** DATA SHOWN **
• • • • •
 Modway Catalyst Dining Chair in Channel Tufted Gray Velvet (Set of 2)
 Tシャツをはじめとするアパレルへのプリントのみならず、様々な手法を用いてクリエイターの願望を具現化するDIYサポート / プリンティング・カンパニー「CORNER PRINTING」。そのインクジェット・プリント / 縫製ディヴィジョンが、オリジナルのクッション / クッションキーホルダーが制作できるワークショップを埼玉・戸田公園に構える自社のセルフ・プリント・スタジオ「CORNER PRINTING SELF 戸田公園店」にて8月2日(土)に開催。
• • • • •
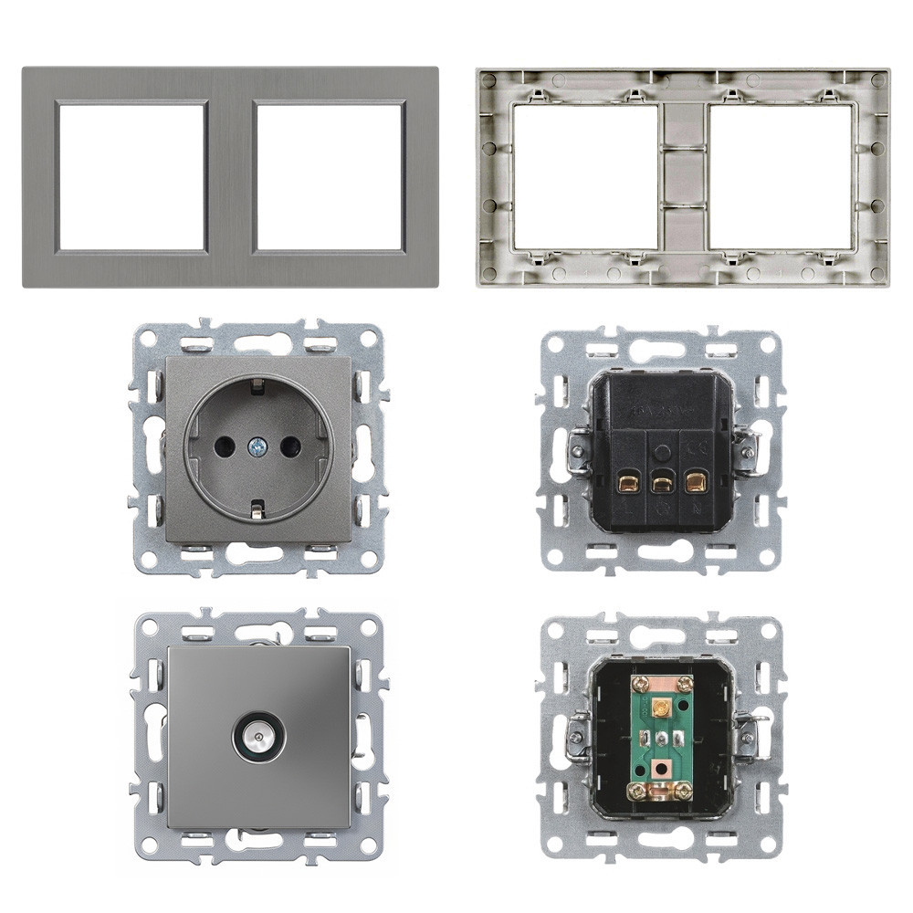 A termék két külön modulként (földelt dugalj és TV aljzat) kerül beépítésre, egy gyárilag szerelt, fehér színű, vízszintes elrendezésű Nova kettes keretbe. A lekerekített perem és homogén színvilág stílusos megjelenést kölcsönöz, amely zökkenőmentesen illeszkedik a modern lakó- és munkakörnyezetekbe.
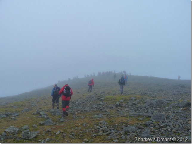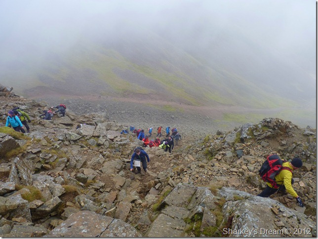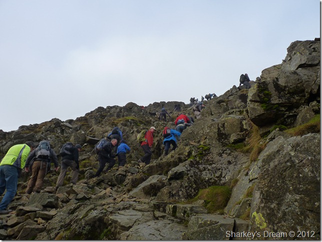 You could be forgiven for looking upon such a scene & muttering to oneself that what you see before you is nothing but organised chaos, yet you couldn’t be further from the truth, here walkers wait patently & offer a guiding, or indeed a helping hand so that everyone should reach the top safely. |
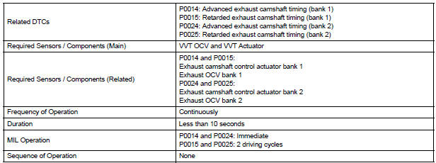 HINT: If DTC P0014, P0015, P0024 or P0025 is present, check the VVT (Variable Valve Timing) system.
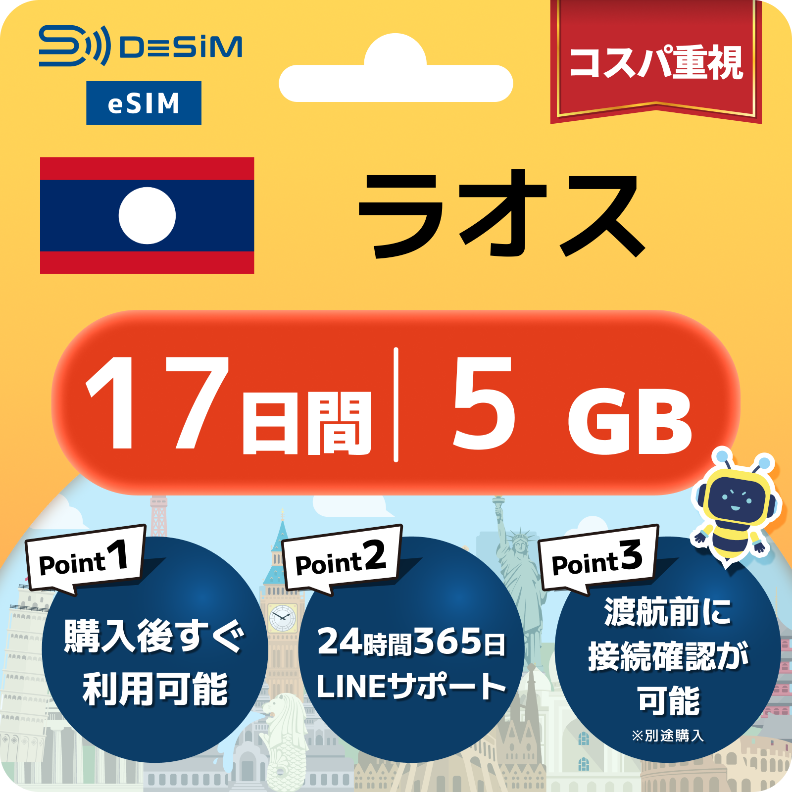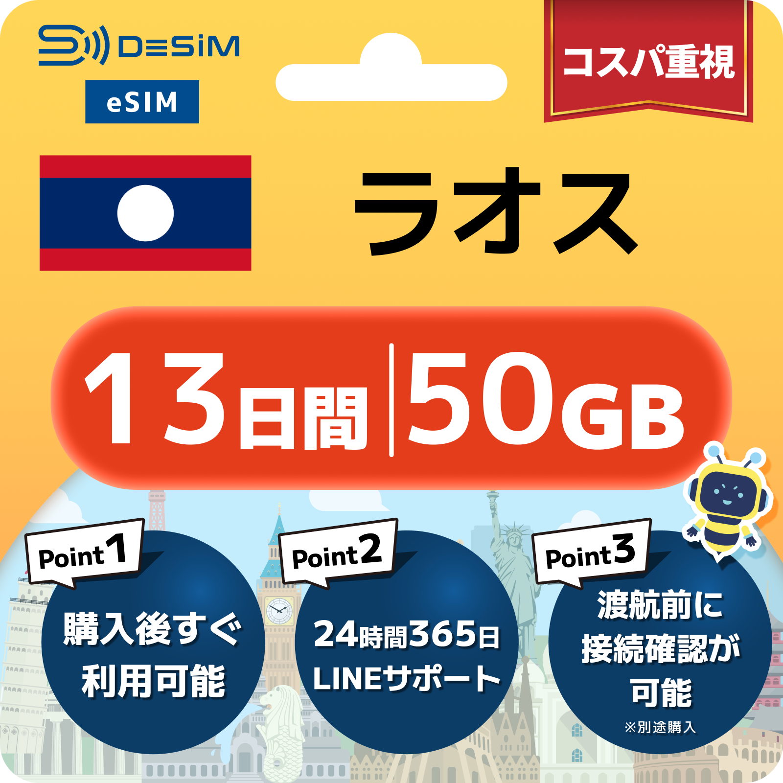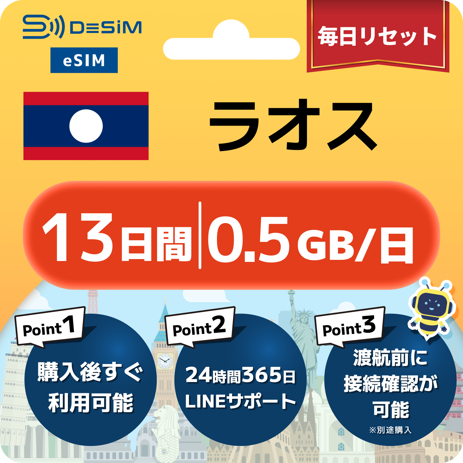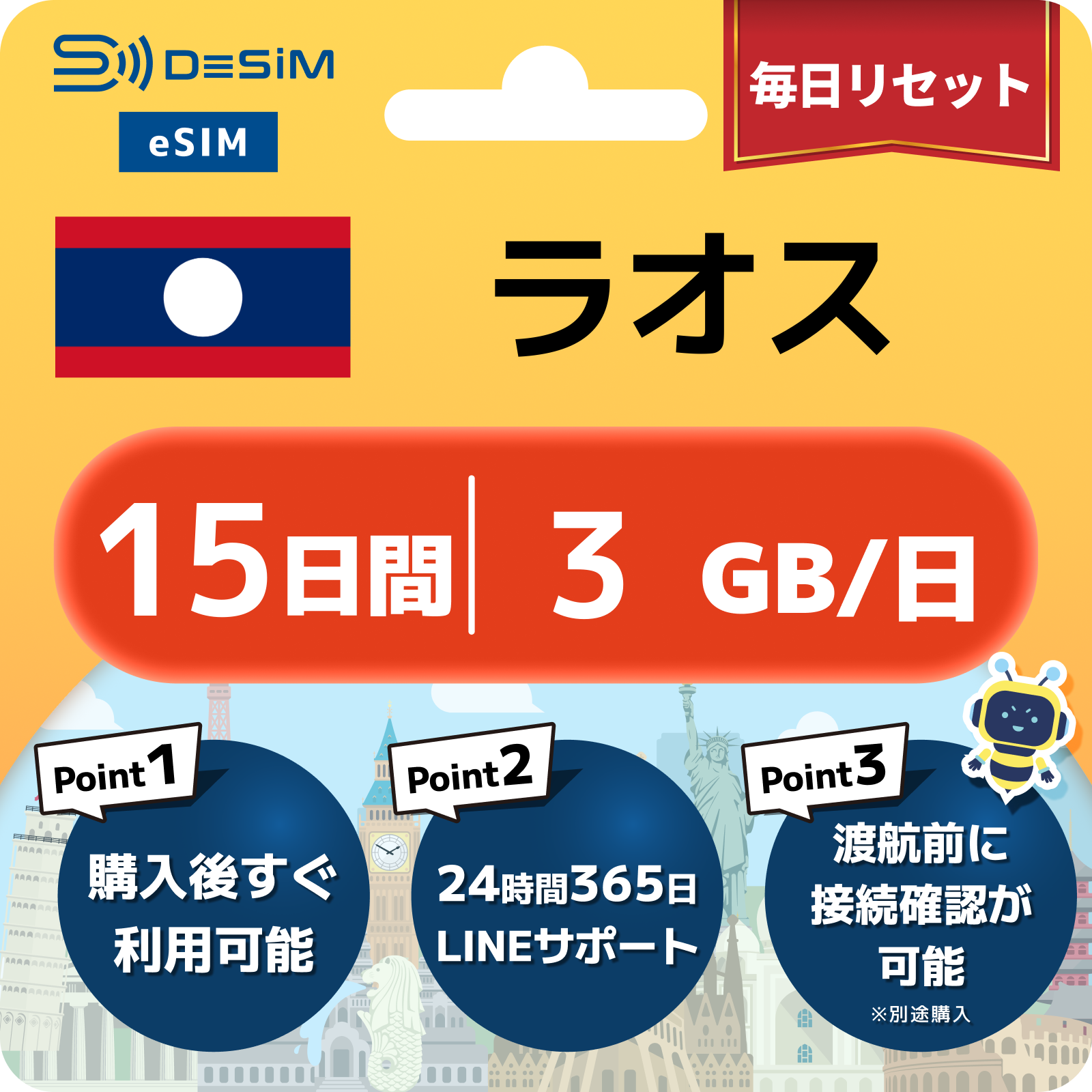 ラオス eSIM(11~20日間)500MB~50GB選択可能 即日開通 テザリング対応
• • • • •
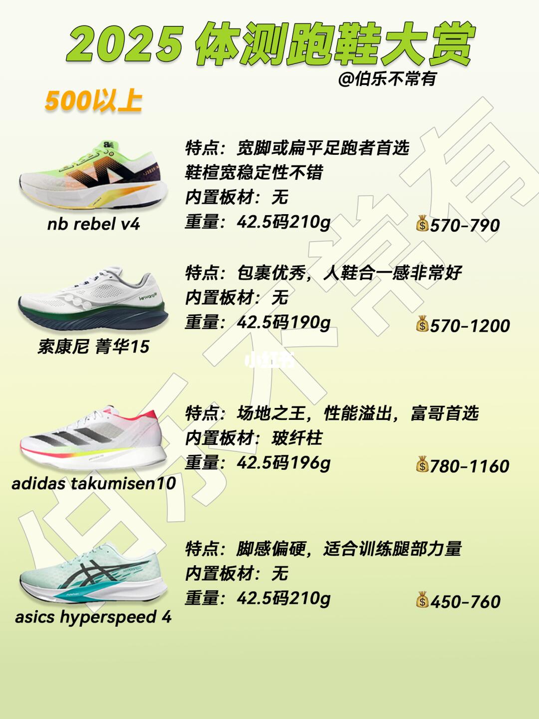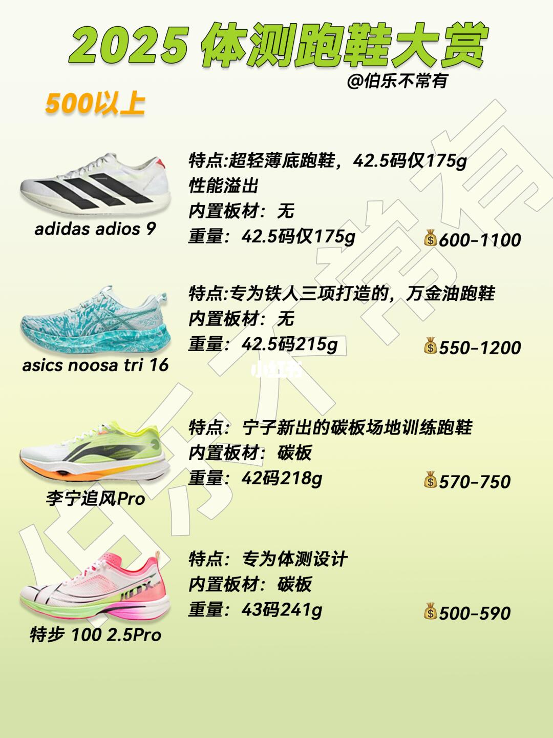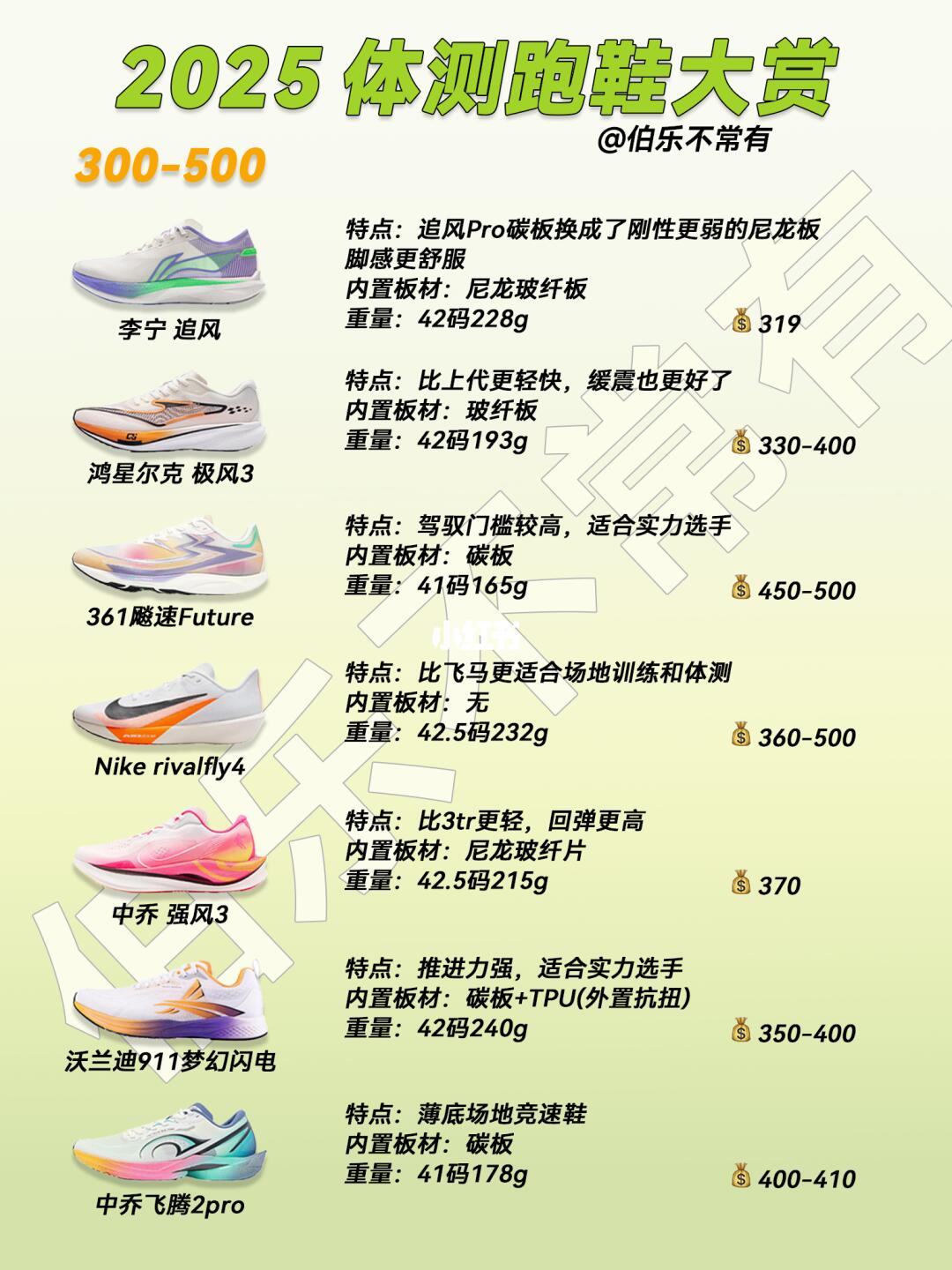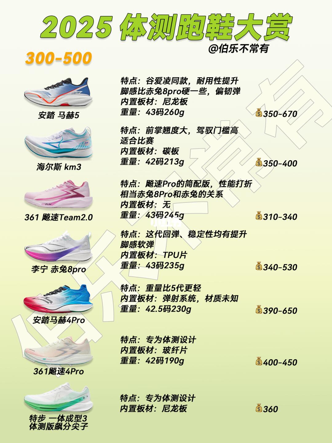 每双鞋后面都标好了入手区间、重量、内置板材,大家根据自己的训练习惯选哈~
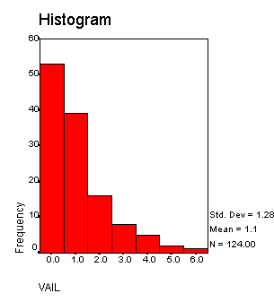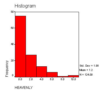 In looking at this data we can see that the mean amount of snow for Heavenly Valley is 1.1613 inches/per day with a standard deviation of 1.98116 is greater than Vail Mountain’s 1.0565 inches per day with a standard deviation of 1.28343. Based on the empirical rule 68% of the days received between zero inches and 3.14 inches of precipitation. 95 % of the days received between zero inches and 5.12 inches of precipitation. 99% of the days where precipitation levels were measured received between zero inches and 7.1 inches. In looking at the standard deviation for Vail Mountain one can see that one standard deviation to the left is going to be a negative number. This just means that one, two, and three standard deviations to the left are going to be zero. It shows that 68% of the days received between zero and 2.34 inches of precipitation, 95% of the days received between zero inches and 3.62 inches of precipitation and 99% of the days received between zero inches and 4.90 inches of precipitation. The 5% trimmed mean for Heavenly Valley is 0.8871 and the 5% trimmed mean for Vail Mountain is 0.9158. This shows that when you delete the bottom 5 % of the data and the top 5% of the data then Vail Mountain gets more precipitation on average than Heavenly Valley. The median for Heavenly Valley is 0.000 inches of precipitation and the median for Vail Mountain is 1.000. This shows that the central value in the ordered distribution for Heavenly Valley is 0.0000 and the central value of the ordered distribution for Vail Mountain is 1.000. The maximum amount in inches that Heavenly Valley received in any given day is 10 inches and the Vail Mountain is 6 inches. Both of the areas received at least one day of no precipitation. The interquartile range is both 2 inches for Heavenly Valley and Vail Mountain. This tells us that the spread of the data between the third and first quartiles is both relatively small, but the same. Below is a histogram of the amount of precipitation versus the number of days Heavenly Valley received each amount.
• • • • •
What you give back must be the stretch above, starting at the line with "Modway Catalyst Dining" and ending at the line with "PRINTING SELF 戸田公園店」にて8月2日(土)に開催。", copied exactly.

 Modway Catalyst Dining Chair in Channel Tufted Gray Velvet (Set of 2)
 Tシャツをはじめとするアパレルへのプリントのみならず、様々な手法を用いてクリエイターの願望を具現化するDIYサポート / プリンティング・カンパニー「CORNER PRINTING」。そのインクジェット・プリント / 縫製ディヴィジョンが、オリジナルのクッション / クッションキーホルダーが制作できるワークショップを埼玉・戸田公園に構える自社のセルフ・プリント・スタジオ「CORNER PRINTING SELF 戸田公園店」にて8月2日(土)に開催。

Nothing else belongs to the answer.